“Daddy, how come Mommy doesn’t give me a bath anymore?”
UGH. I knew that was coming. I didn’t know that it would be that specific question or in what setting, but I knew that life with two would be different. Wonderful, hectic, hilarious and overwhelmingly different.
Before Teagan, our 3 month old, the bath and bedtime routine was a special time for myself and Wyatt, our 4 year old. He would decide which bath toys (out of the ridiculous amount that he has) would be making a special appearance and he would soak his cute little bum in that bubbly water. I would sit on the edge of the tub with my pants rolled up and soak my toes… playing whatever he dictated was on the agenda for the evening. Sometimes, it was Paw Patrol and they were learning to fly. Other times, it was dinosaurs and they were going to a restaurant. Wyatt would decide what was on the menu and it was usually pizza with lobster or crab on it and skunk coffee. Obviously.
These were some of my favorite moments of the day.
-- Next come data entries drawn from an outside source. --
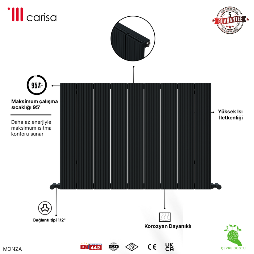 Monza modeli alüminyum malzemesinden üretilmiş olup standart bağlantı (i̇ki yan,üst/alt,çapraz) bağlantı tipine sahiptir ve 5 yıl yıl garanti süresi sunmaktadır. 10 bar maksimum çalışma basıncı ve 95°c maksimum çalışma sıcaklığı ile güvenilir bir performans sergiler. Şık tasarımı ve parlak eloksal, antrasit, beyaz, siyah sunan geniş renk yelpazesiyle mekanlarınıza estetik bir dokunuş katmaktadır.
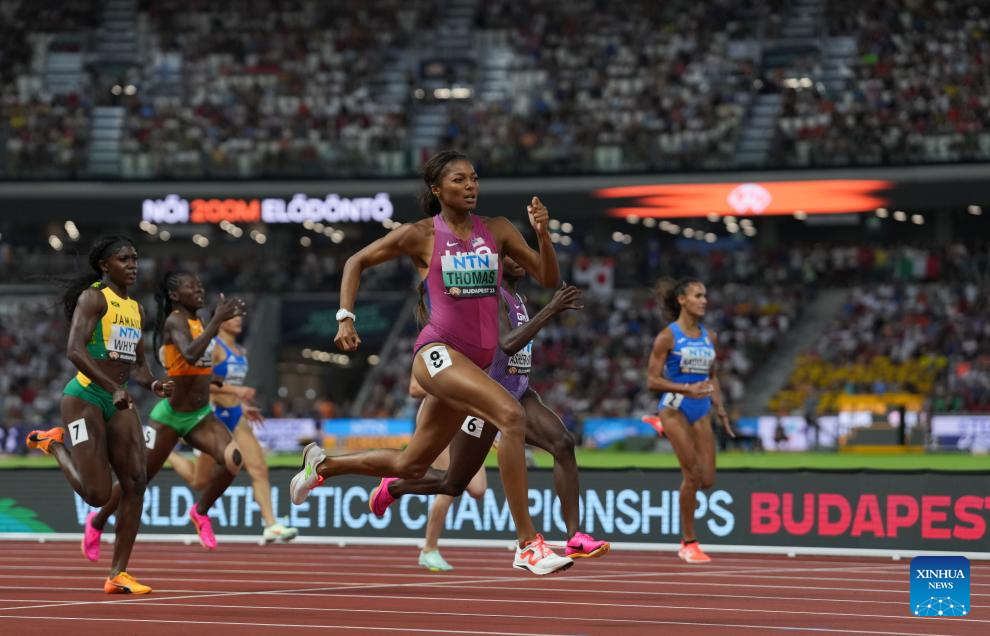 Gabrielle Thomas (C) of the United States competes during the Women's 200m Semifinal of the World Athletics Championships Budapest 2023 in Budapest, Hungary, Aug. 24, 2023. (Xinhua/Zheng Huansong)
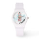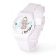 El ilustracion acuático de Miss Conejo de Pascua aparece en este reloj con una correa blanca de silicona que nunca saldrá de moda. Personalice fácilmente el uso de la plantilla proporcionada. Elige entre 15 estilos, cuatro de los cuales tienen un tamaño excesivo. La impresión en estos relojes es excelente.
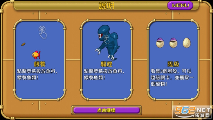 3.养育防御型的鱼来打击水族箱的入侵怪物。
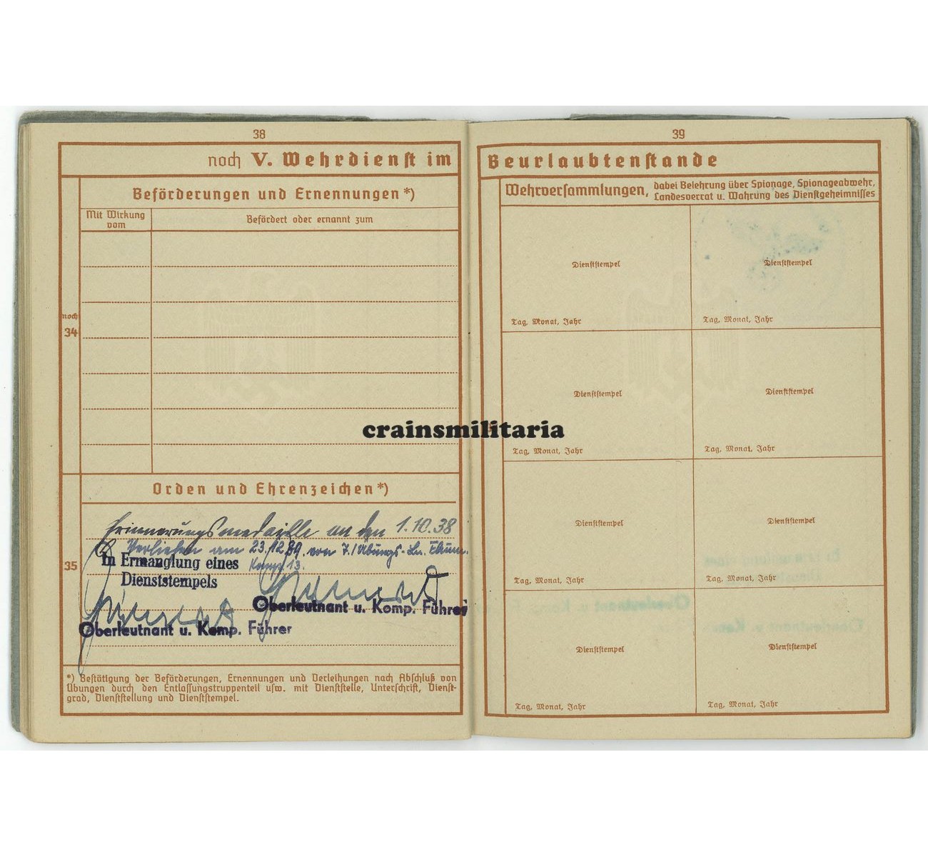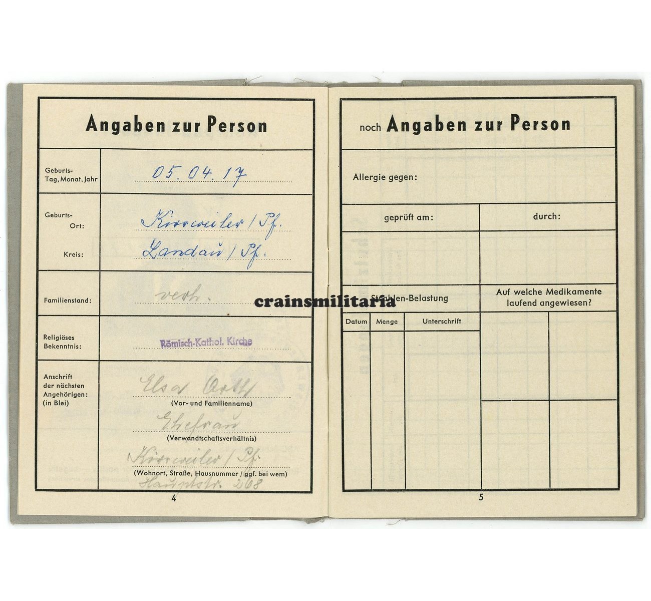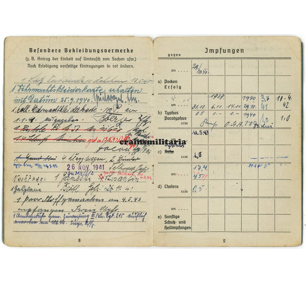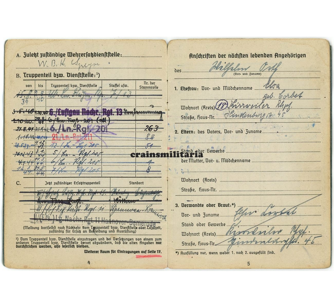 - Wehrpass, first issue from April 1937. Complete and very good condition. Interesting entries include the Nachtjagd battle entries, lots of training including the Freya radar, and a course followed in Brielle, on the Dutch coast near Hoek van Holland.
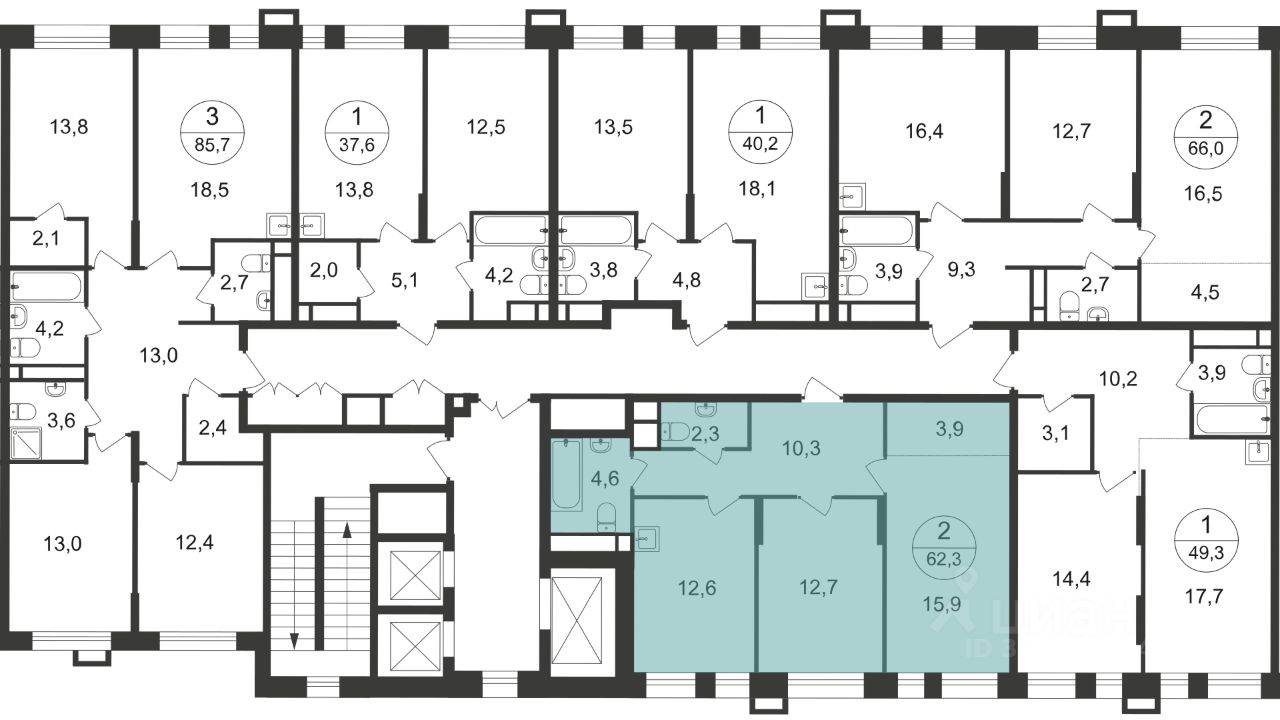 Общая площадь квартиры - 62,3 кв. м, этаж - 9 из 20.
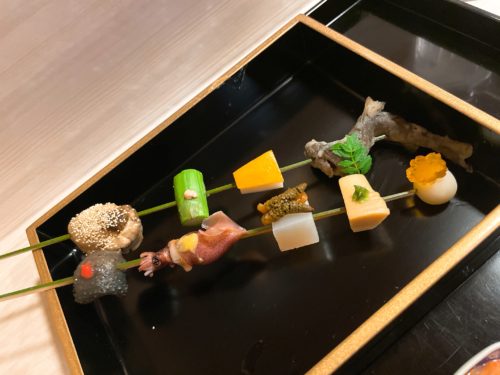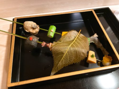 めくるとこの日は串にささった八寸でした!桜の葉もついています。とっても美味しそう!なまこなんてとっても柔らかくて美味しい~!稚鮎も入っていました!なんだか食べるのがもったいなく感じちゃいますね~!喜多丘さんは季節感をとても大切にしているので毎回とっても楽しむことができます。
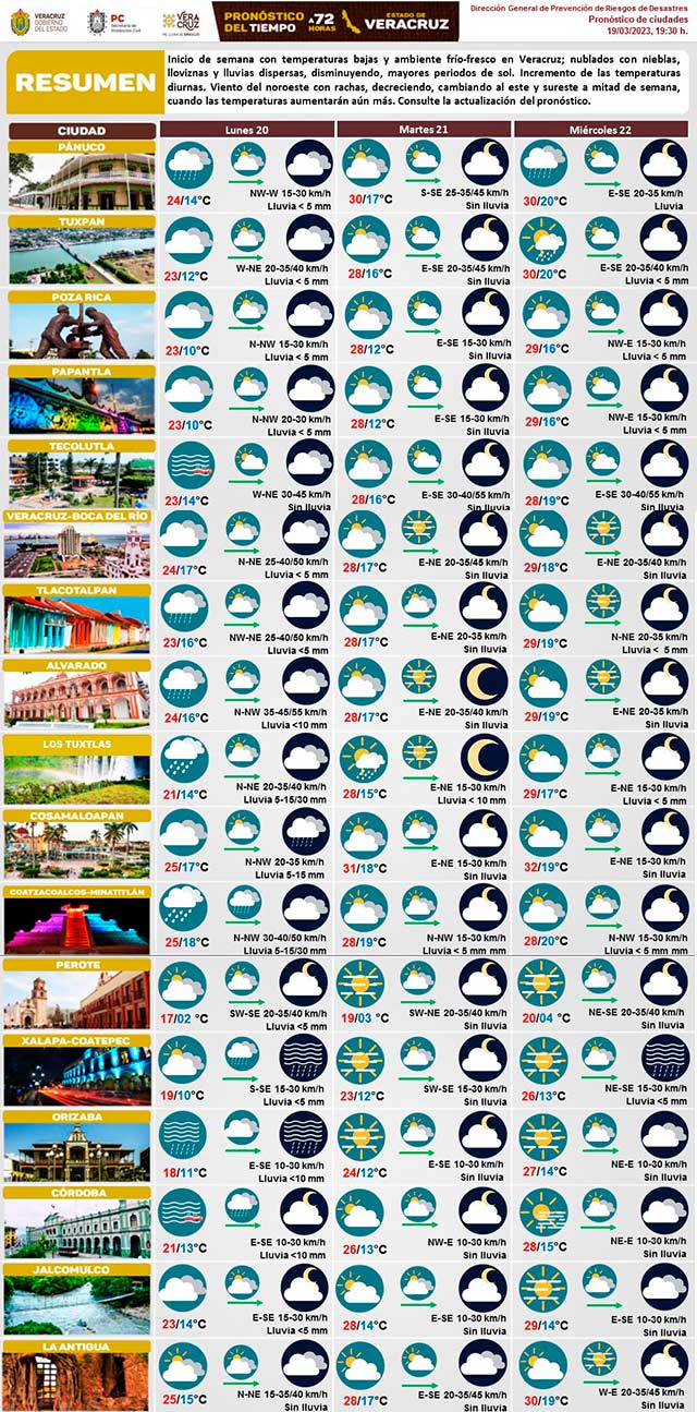 Inicio de semana con temperaturas bajas y ambiente frío-fresco en Veracruz; nublados con nieblas, lloviznas y lluvias dispersas que irán disminuyendo. Mayores periodos de Sol e incremento de las temperaturas diurnas. Viento del noroeste con rachas cambiando al este y sureste a mitad de semana cuando las temperaturas aumentarán aún más.

He would ask a million questions, as 4 year-olds tend to do.
“Mom, what’s bigger… a giraffe or a komodo dragon?”
“Mom, where does the bathwater come from?
“Mom, who do you want to win… the Celtics or the Bulls?” (uhhhh… the Bulls? I guess?)
We would play, talk and laugh until bath time was done. Then it was on to jammie time, teeth-brushing (my LEAST fave part of the night, I’ll be honest. If you can get a 4yo to brush his teeth and NOT have it take 20 minutes, then you deserve a freaking medal – but I digress) and then time for a book. I LOVED this ritual.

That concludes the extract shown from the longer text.